*PROVIDED MATERIAL*
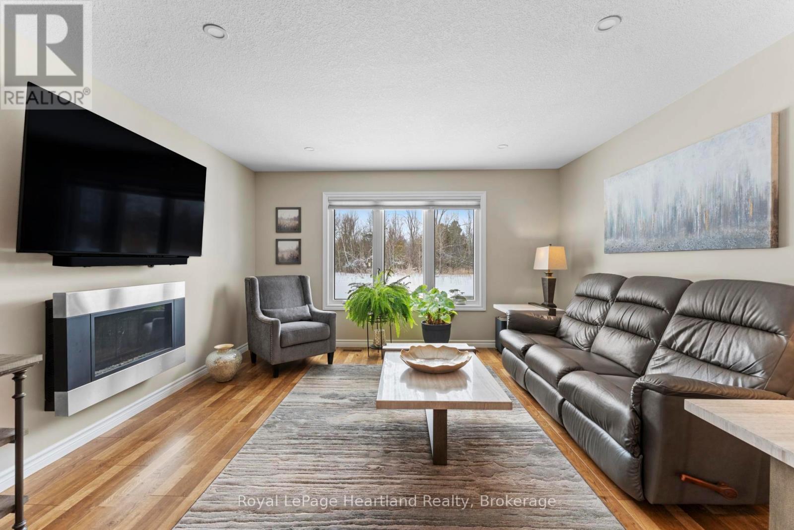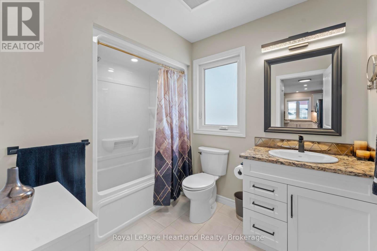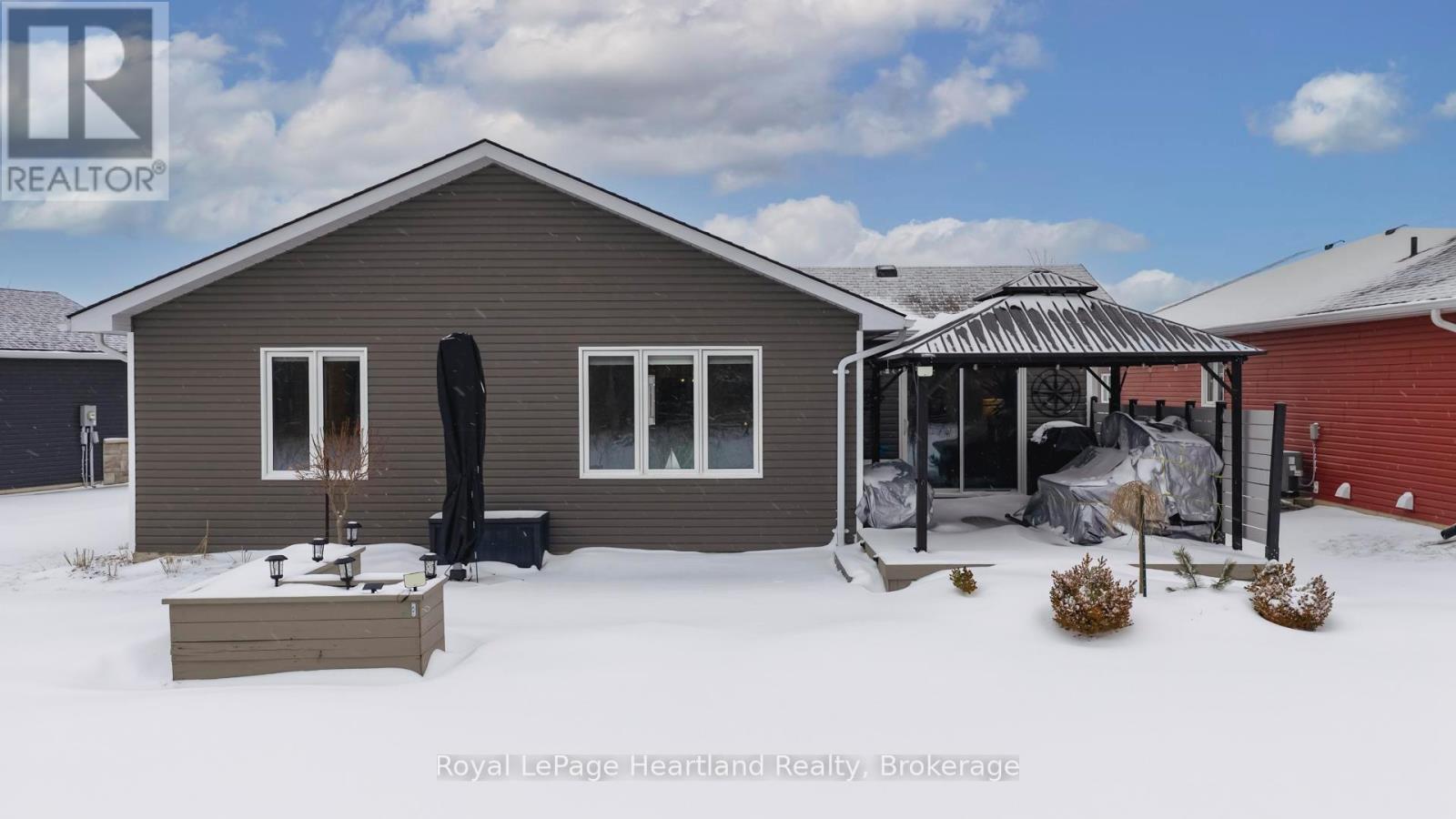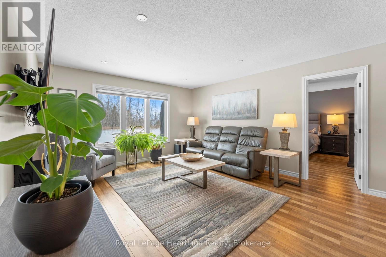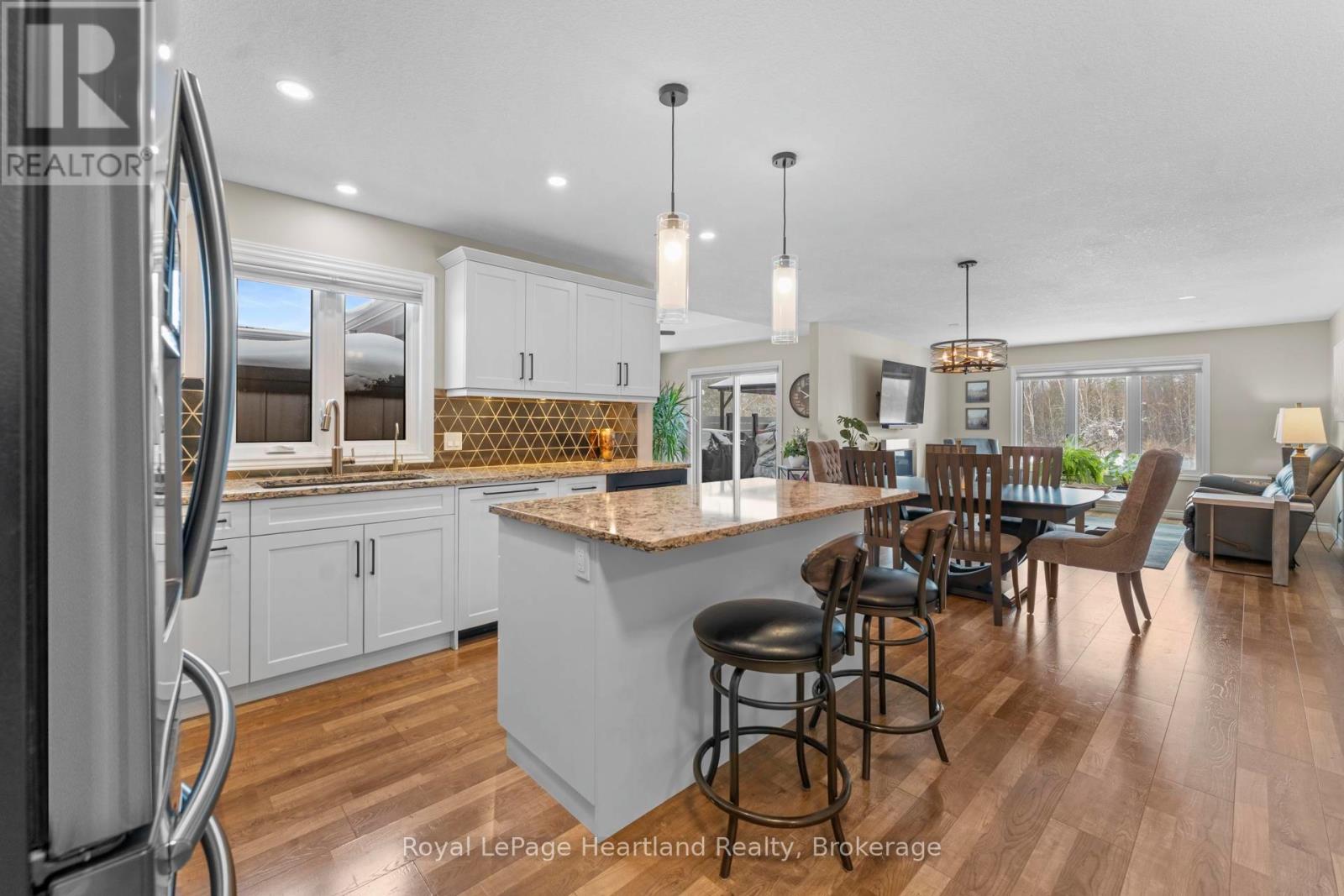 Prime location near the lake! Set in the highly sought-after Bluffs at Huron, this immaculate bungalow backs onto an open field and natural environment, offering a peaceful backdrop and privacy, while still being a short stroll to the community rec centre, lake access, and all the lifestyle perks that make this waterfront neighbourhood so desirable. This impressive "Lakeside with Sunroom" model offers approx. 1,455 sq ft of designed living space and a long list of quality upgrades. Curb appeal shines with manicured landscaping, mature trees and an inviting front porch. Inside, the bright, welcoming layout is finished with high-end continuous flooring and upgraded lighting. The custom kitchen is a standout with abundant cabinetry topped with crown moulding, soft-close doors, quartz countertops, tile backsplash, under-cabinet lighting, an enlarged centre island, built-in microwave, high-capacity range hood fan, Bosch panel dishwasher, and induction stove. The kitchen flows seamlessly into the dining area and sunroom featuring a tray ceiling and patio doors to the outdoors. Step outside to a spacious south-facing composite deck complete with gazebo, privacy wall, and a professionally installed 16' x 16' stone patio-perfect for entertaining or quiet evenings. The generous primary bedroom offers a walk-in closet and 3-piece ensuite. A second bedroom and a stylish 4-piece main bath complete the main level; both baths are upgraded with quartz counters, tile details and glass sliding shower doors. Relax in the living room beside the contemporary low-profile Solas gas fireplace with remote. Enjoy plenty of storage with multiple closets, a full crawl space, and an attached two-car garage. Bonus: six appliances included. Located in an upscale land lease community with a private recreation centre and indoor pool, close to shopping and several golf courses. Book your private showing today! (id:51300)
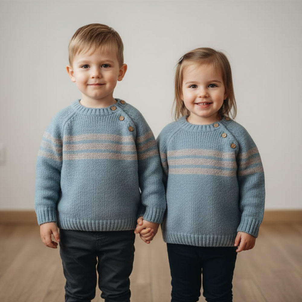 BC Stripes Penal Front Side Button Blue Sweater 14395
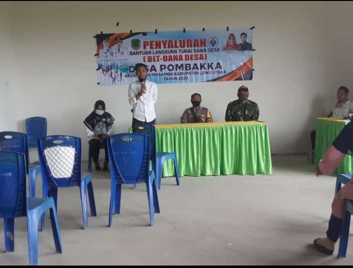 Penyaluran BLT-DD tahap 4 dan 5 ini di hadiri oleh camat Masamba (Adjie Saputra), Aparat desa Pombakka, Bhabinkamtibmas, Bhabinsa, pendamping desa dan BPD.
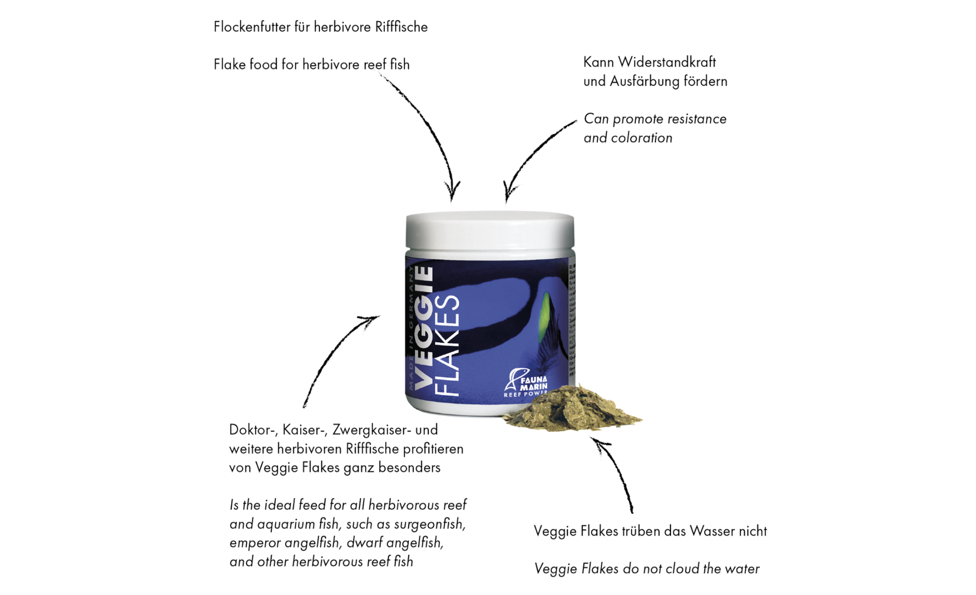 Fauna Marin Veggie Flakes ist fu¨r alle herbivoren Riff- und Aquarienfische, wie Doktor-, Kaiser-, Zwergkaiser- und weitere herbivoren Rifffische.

*EXERCISE BRIEF*
Give back exactly the lines of the listing above from the one that contains "BC Stripes Penal" up to and including the one that contains "Penyaluran BLT-DD tahap", but not the pictures, and no other lines.

*OUTPUT*
 BC Stripes Penal Front Side Button Blue Sweater 14395
 Penyaluran BLT-DD tahap 4 dan 5 ini di hadiri oleh camat Masamba (Adjie Saputra), Aparat desa Pombakka, Bhabinkamtibmas, Bhabinsa, pendamping desa dan BPD.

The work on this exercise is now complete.